#### ASSIGNED TASK:
From the entries that follow, extract each line holding the string "krig".

[Records from a data collection]
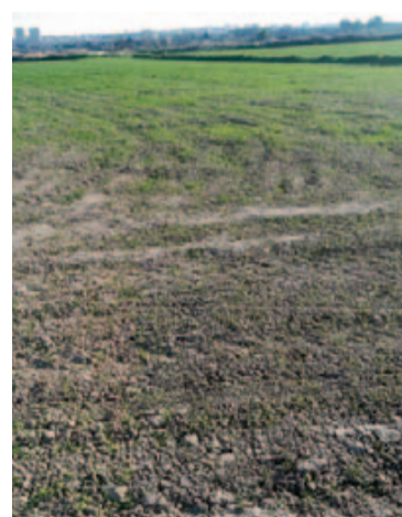
Daños en frutales y en un campo de cereal por conejos. ARAG-ASAJA

más, si se suceden el tiempo, terminan con las indemnizaciones. Han apelado a la voluntad de las Sociedades de Cazadores para pedirles que actúen con el fin de eliminarle los daños... con resultados dispares. Lo han intentado todo».
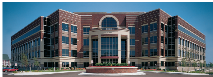
Primera Technology, Inc. É.-U.A.
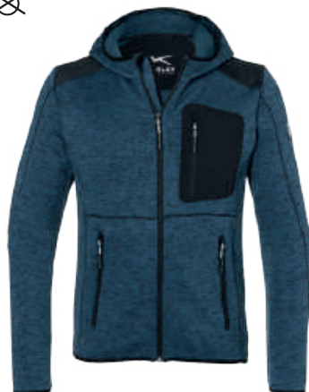
bleu foncé | noir 1441 6335-4899 XS-4XL
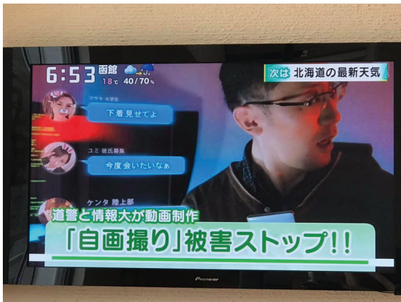
写真13 北海道テレビ (HTB) イチモニ
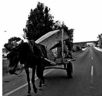
Pel camí de Bendris

Quina és l'aportació dels Lliro avui dia? Encara mantenen un sistema de vida ancestral que conviu amb
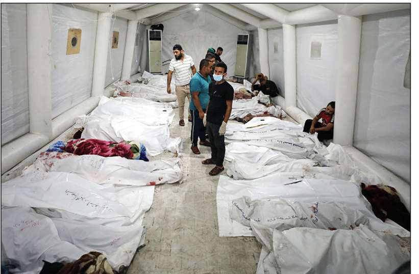
۱ قتل عام بیمارستان المحمدانی

در ۱۰ اکتبر هم جنایتی بزرگ در غزه رخ داد که جهان را مهلوت کرد. زمانی که مردم غزه در حال خواندن نماز صبح در محله الدراج غزه بودند، اسرائیل آنجا را بمباران کرد و هم به شدت مجروح شدند.
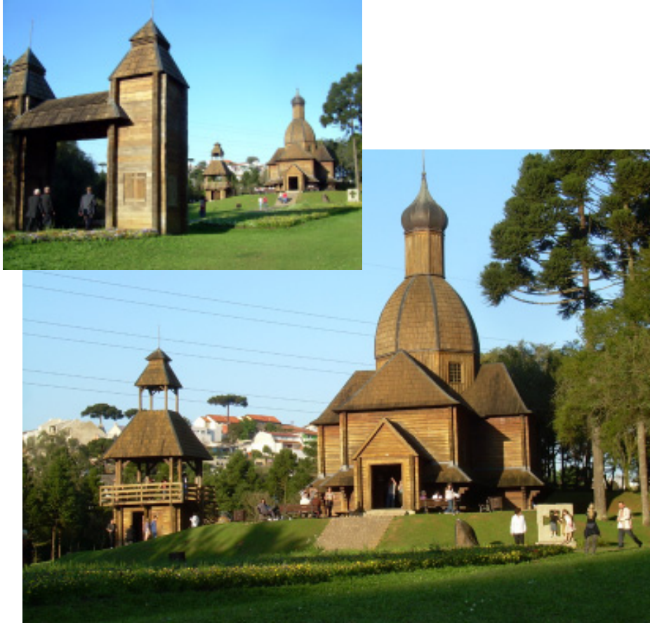
Ukrainian Museum/Ukrainian Park, Curitiba, Brazil Replica of first Ukrainian Church built in the 19 th century.
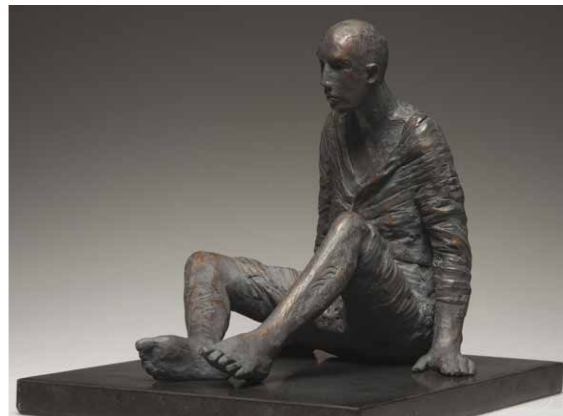
« Untitled », patinated bronze #114 ed. of 25, 23 x 19 x 27 cm, 2012
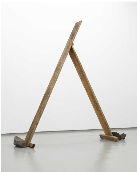
8. 菅木志雄 《斜位相》 1969年 | 作家蔵 | 小山登美夫ギャラリー協力
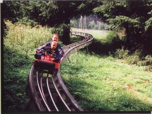
Faszination Geschwindigkeit auf dem Rhönbob

In schöner Natur haben Sie Gelegenheit, auf den Sommerrodelbahnen rasant ins Tal zu rauschen. Dabei müssen die Sommerrodler keine Könner sein, denn es ist ein ungefährliches Vergnügen, wenn Sie die einfachen Regeln einhalten. Und die haben Sie rasch gelernt. Schon nach einigen Abfahrten sind Sie ein perfekter Rodler.
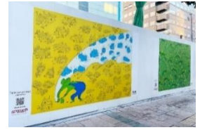
昨年度の掲出の様子

■ Fukuoka Wall Art Projectとは 美術分野のアーティストに建設現場の仮囲い等を活用し、まちなかでの発表の場と作品を展示・販売する機会を提供することで、アーティストのさらなる活躍につなげるとともに、アートによるまちの賑わいの創出を図ります。
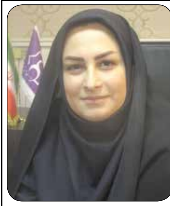
دهیار روستای امین آباد - حاجی آباد عنوان کرد اشتغالزایی و حمایت از نیروی کار بومی اولویت اول
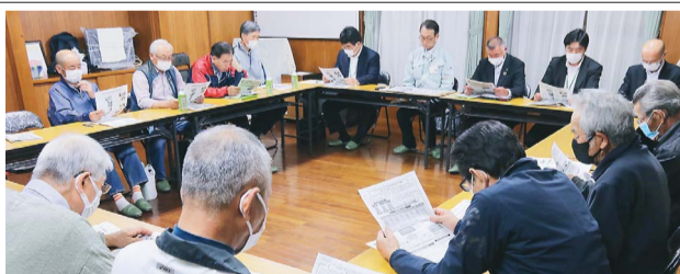
JAへの意見が上がった座談会(南矢名下部会館・大根地区)
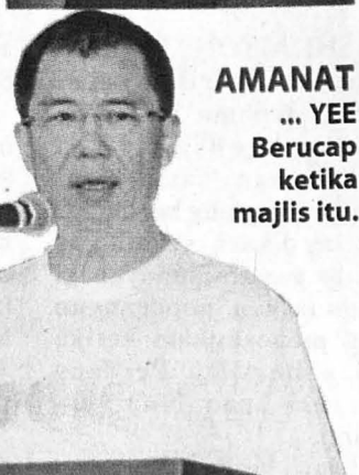
AMANAT ... YEE Berucap ketika majlis itu.

"Apabila masyarakat memahami keadaan ini, barulah mereka boleh bekerjasama dengan pihak polis untuk mencegah jenayah," jelasnya.
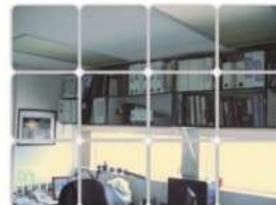
Aprovechamiento luz solar

En conjunto con lo anterior se realizan campañas para concienciar al personal, como apagar equipos y luces cuando éstas no sean utilizadas.
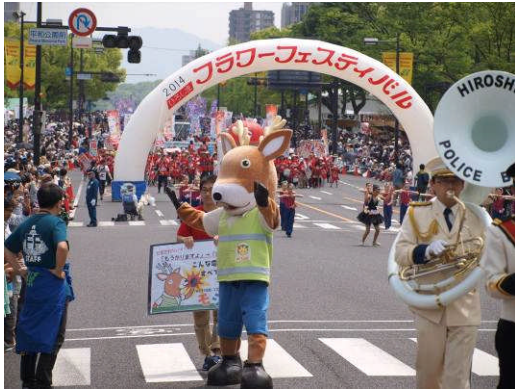
多数の来場者で大にぎわいでした！

多くの来場者でにぎわうパレード会場でも、モシカは子どもから高齢者の方まで大人気でした。このパレードには反射材利用促進キャラクターの「キラリ☆マン」も登場し、交通安全を呼びかけました。
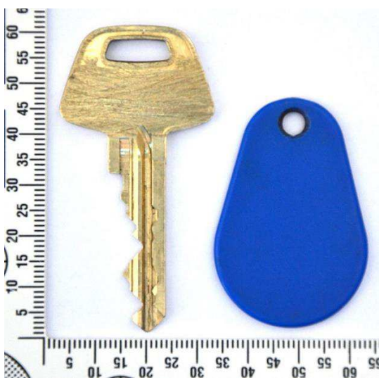
Figur 16. Nyckel och ”tag”, ena sidan.
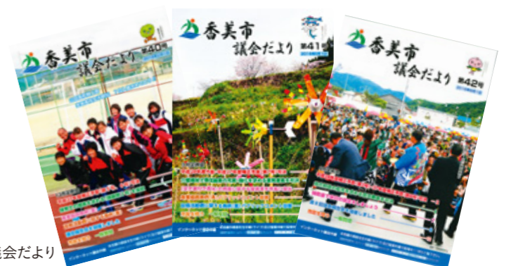
香美市議会だより
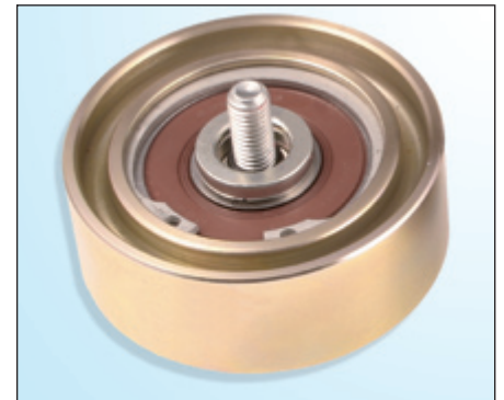
Fig. 2: 532 0294 10 (nova versão)

No âmbito do contínuo processo de desenvolvimento dos nossos produtos, modificámos a superfície do rolo fixo 532 0294 10 de material plástico para material metálico.
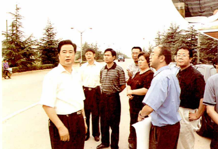
区领导和规划人员研究城市规划(2001年)
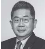
党書記局長 小池 晃 現 59歳。参院議員3期。全国革新懇代表世話人。医師。 活動地域 東京
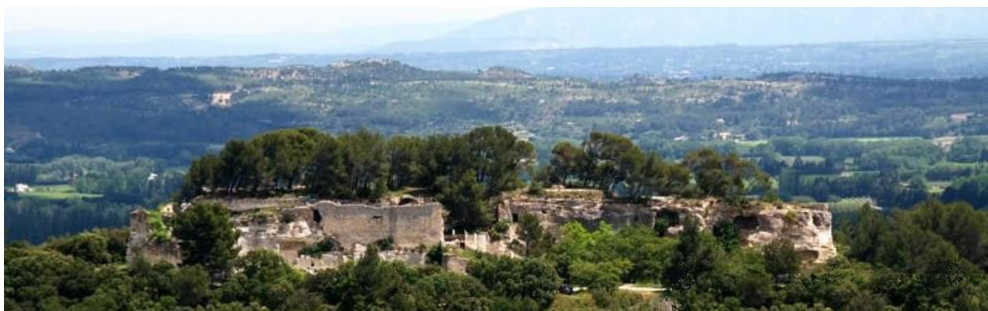
L'abbaye de Saint Roman sur son piton calcaire

L'après-midi ensoleillé et venté sera consacré à l'Abbaye de Saint Roman située aux alentours de Beaucaire sur un piton calcaire d'où l'on jouit d'une superbe vue du Rhône et de son dernier affluent, le Gardon, avant la Camargue et la mer!
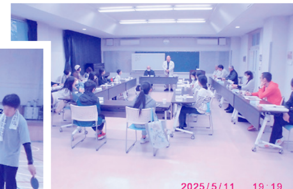
第1回子ども会会議 5/11
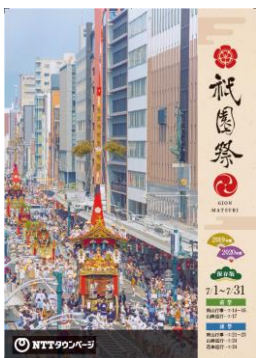
「別冊 京都市版（祇園祭）」表紙

・公益財団法人祇園祭山鉾連合会にご協力をいただき、祇園祭の主な行事、山鉾一覧、祇園祭の楽しみ方、前祭 map、後祭 map など、祇園祭を楽しんでいただくために必要な情報を、コンパクトな B5 版サイズの冊子に掲載しました。
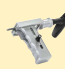
Braccio di sostegno per attrezzatura di riparazione ammaccature ref. 052284
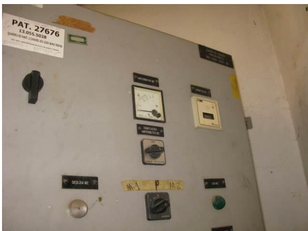
Figura 3 - EEAB de Brejetuba.

CONSTATAÇÃO C3: Ausência de sinalização de risco de choque no painel de comando da EEAB de Brejetuba, EEAT localizada no interior da ETA de Brejetuba e EEAT Bairro Nobre.
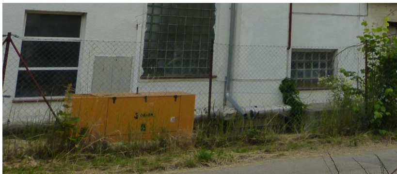
Obr.: vedení teplovodu od výměňkové stanice
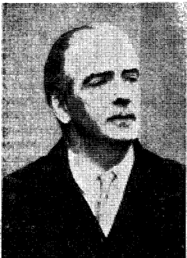
Anthony Eden nolte ikke med å gripe til krig for å nå et politisk mål.

Uten tvil har den uhørte nedslaktning i 1. verdenskrig bevirket en endring i den offentlige mening. Mange bekjente seg til den dengang nye oppfatning, at krigen var blitt så skrekkinngående at det måtte være moralsk galt å anvende den. Litt etter litt kom det overveiende flertall av siviliserte mennesker til den slutning at hvis krigføring var en forbrytelse, så måtte også det å gå til krig være en forbrytelse per se. Men denne oppfatning ble alltid innskrenket ved en eller annen unntagelse som gjorde den betydningsløs, for eksempel «uten i selvfor-
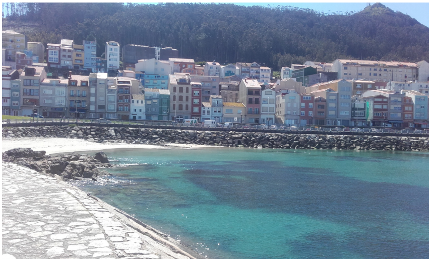
Playa y frente marítimo
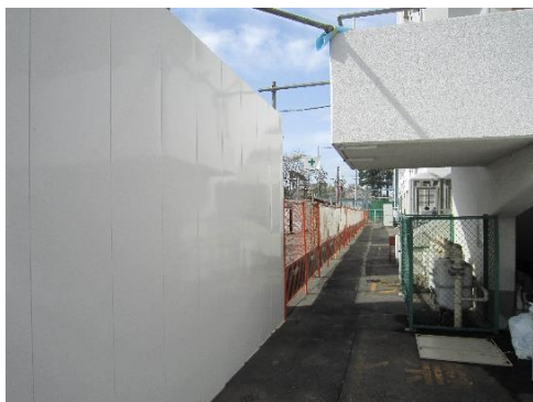
(校舎西側 道路側から)
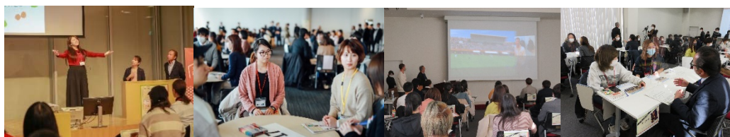
【※合同 JIBUN 説明会 / JIBUN コンテストの様子】

過去のイベント⇒ https://miraiken.yamanashi.jp/jibun/
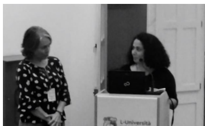
EMPOWER-SE WORKSHOP LOCAL: MALTA

#### SOLUTION TO THE EXERCISE:
Anthony Eden nolte ikke med å gripe til krig for å nå et politisk mål.
Uten tvil har den uhørte nedslaktning i 1. verdenskrig bevirket en endring i den offentlige mening. Mange bekjente seg til den dengang nye oppfatning, at krigen var blitt så skrekkinngående at det måtte være moralsk galt å anvende den. Litt etter litt kom det overveiende flertall av siviliserte mennesker til den slutning at hvis krigføring var en forbrytelse, så måtte også det å gå til krig være en forbrytelse per se. Men denne oppfatning ble alltid innskrenket ved en eller annen unntagelse som gjorde den betydningsløs, for eksempel «uten i selvfor-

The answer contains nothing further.